Task brief => Go to the line below that contains "maio em Itajaí.". From there to the end of the records, reproduce each line exactly, except the pictures.

Record set =>
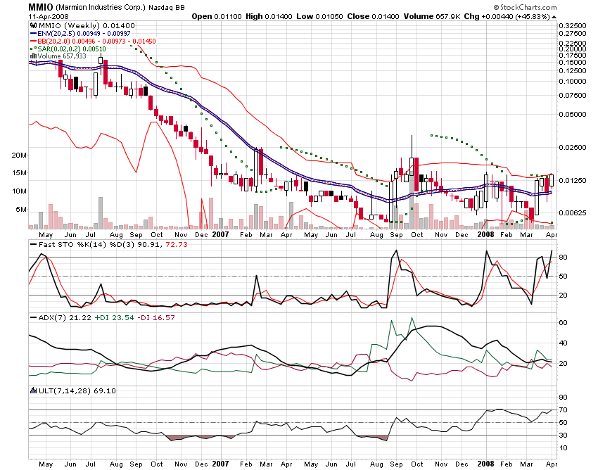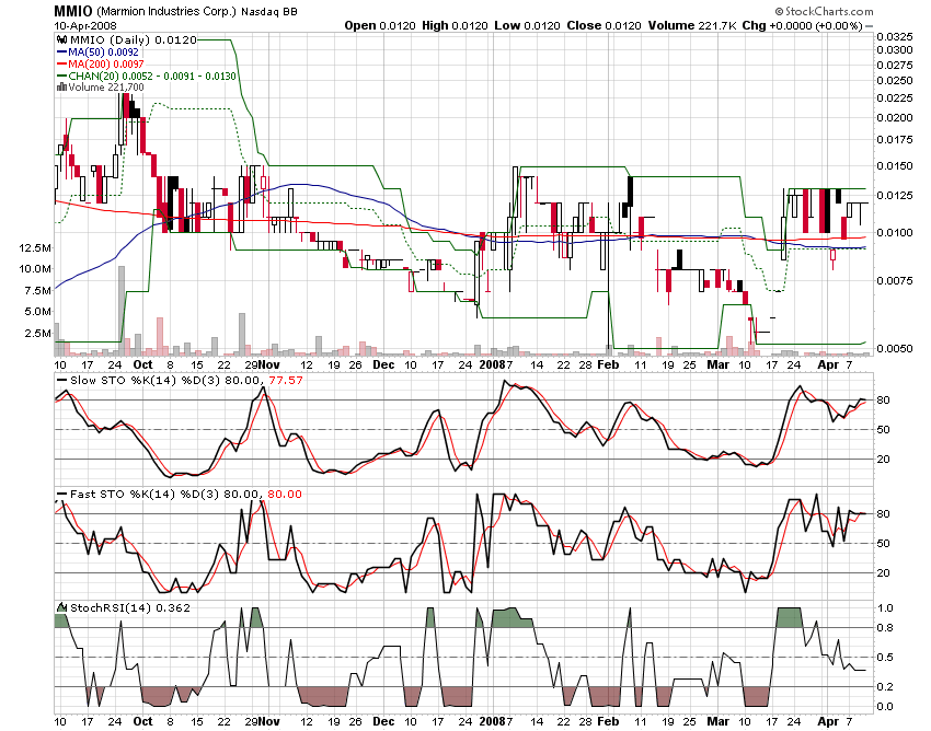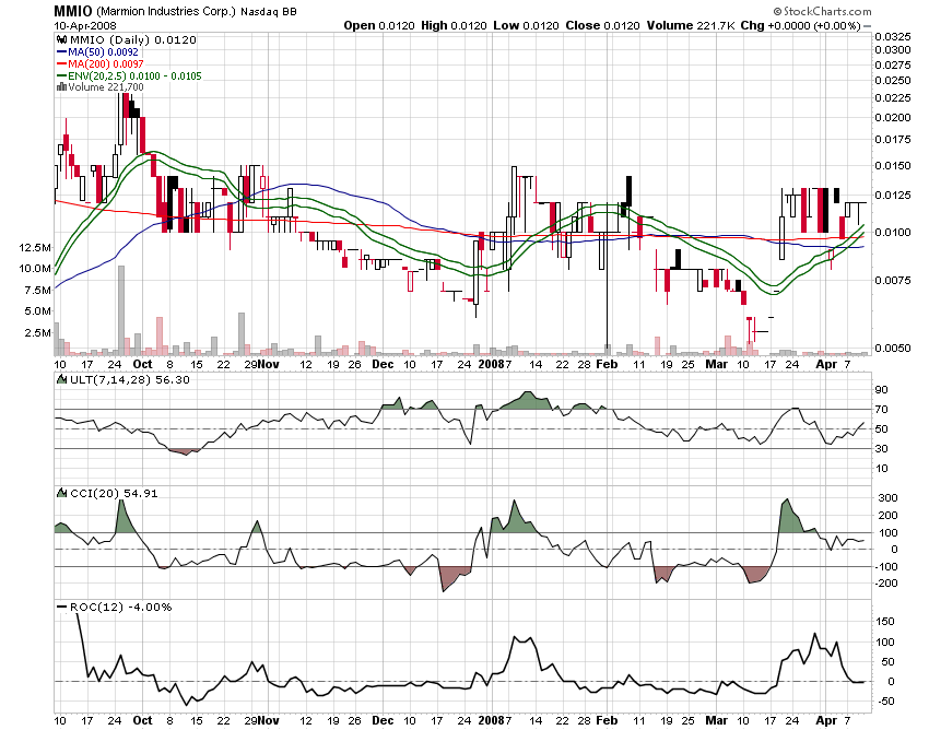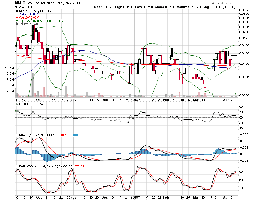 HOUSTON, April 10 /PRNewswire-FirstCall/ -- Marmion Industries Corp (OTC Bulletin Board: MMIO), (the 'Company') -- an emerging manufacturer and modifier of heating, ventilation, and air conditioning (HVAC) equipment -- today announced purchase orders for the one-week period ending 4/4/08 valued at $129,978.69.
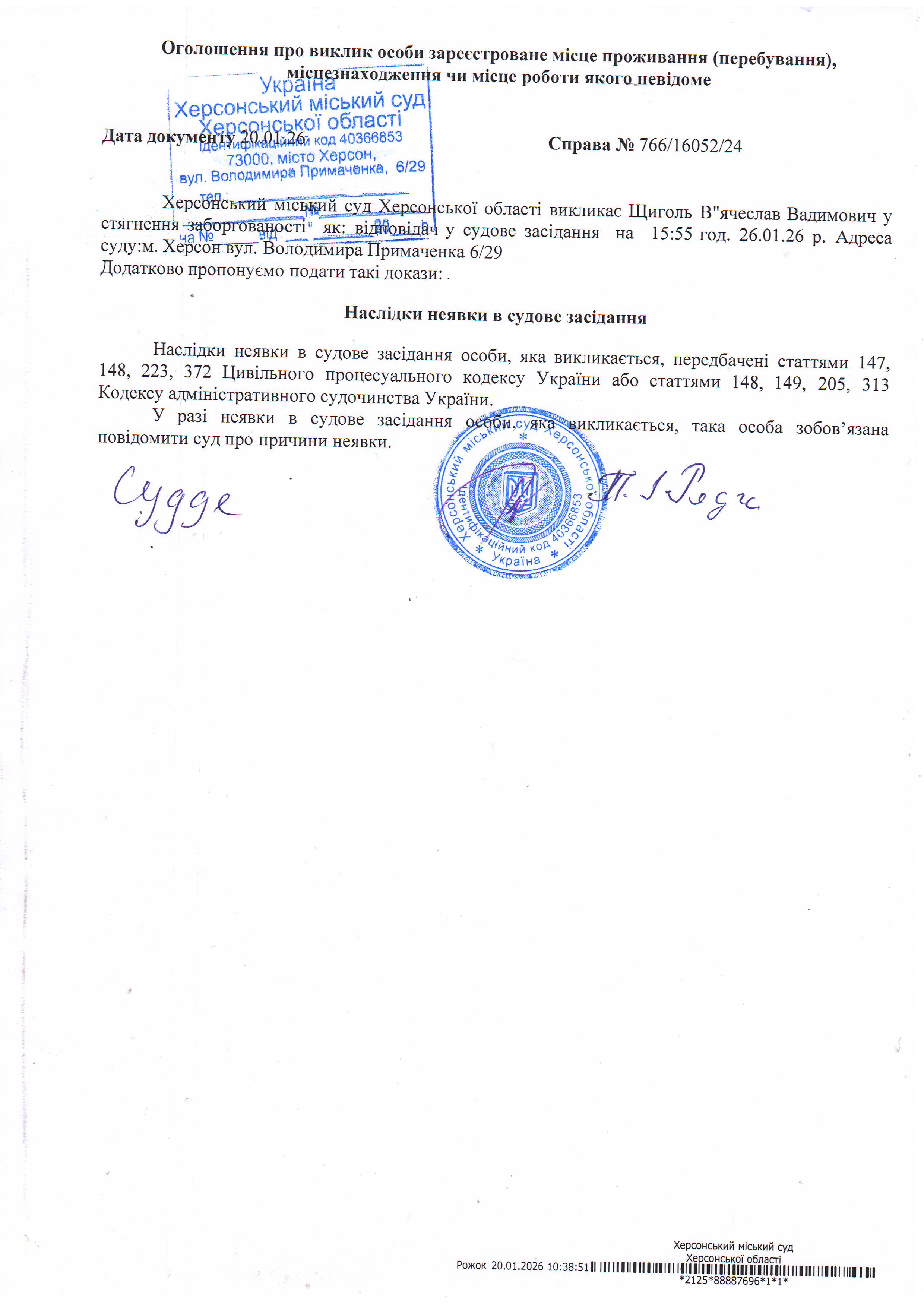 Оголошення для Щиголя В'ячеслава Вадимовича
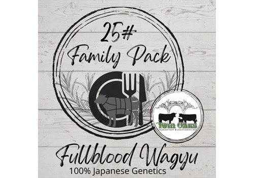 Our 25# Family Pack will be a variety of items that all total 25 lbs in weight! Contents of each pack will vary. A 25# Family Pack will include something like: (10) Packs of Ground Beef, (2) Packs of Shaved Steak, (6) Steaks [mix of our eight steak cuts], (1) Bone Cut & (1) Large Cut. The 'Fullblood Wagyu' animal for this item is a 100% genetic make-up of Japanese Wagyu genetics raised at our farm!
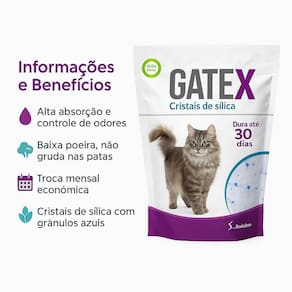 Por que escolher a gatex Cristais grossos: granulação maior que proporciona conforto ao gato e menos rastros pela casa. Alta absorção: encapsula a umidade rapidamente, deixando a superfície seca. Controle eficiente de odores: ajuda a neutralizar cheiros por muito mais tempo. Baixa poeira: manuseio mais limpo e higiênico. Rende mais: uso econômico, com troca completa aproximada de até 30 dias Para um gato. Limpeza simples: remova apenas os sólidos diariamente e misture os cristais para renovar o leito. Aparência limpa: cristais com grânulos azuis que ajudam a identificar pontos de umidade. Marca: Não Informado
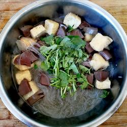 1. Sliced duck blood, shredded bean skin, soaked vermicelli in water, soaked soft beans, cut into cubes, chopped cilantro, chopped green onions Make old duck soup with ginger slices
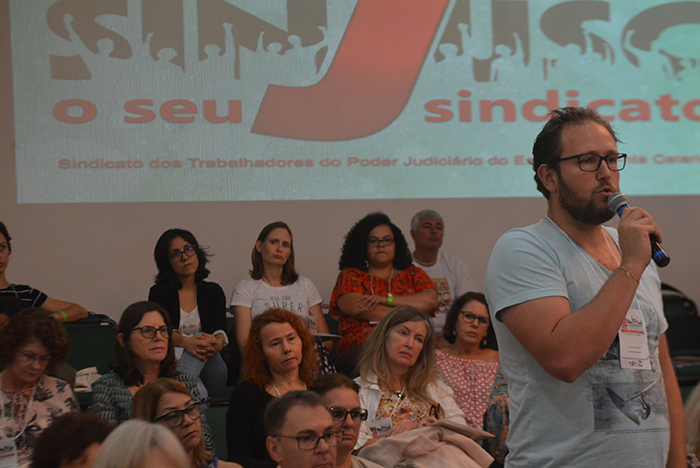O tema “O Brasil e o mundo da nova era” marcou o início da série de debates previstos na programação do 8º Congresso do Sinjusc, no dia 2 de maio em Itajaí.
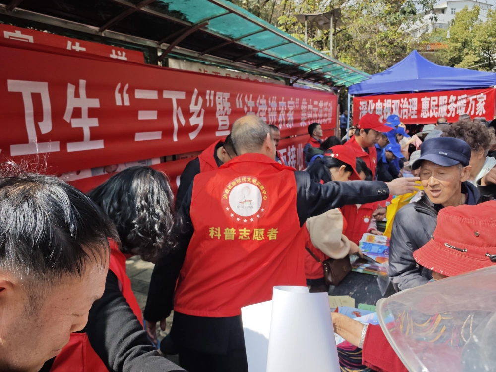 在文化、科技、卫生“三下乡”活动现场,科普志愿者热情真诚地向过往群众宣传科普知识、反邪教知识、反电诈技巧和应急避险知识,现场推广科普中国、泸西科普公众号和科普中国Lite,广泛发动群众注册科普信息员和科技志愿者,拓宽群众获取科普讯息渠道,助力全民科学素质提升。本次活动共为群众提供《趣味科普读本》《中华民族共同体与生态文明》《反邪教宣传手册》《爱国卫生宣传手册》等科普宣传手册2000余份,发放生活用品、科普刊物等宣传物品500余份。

Written response =>
O tema “O Brasil e o mundo da nova era” marcou o início da série de debates previstos na programação do 8º Congresso do Sinjusc, no dia 2 de maio em Itajaí.
 在文化、科技、卫生“三下乡”活动现场,科普志愿者热情真诚地向过往群众宣传科普知识、反邪教知识、反电诈技巧和应急避险知识,现场推广科普中国、泸西科普公众号和科普中国Lite,广泛发动群众注册科普信息员和科技志愿者,拓宽群众获取科普讯息渠道,助力全民科学素质提升。本次活动共为群众提供《趣味科普读本》《中华民族共同体与生态文明》《反邪教宣传手册》《爱国卫生宣传手册》等科普宣传手册2000余份,发放生活用品、科普刊物等宣传物品500余份。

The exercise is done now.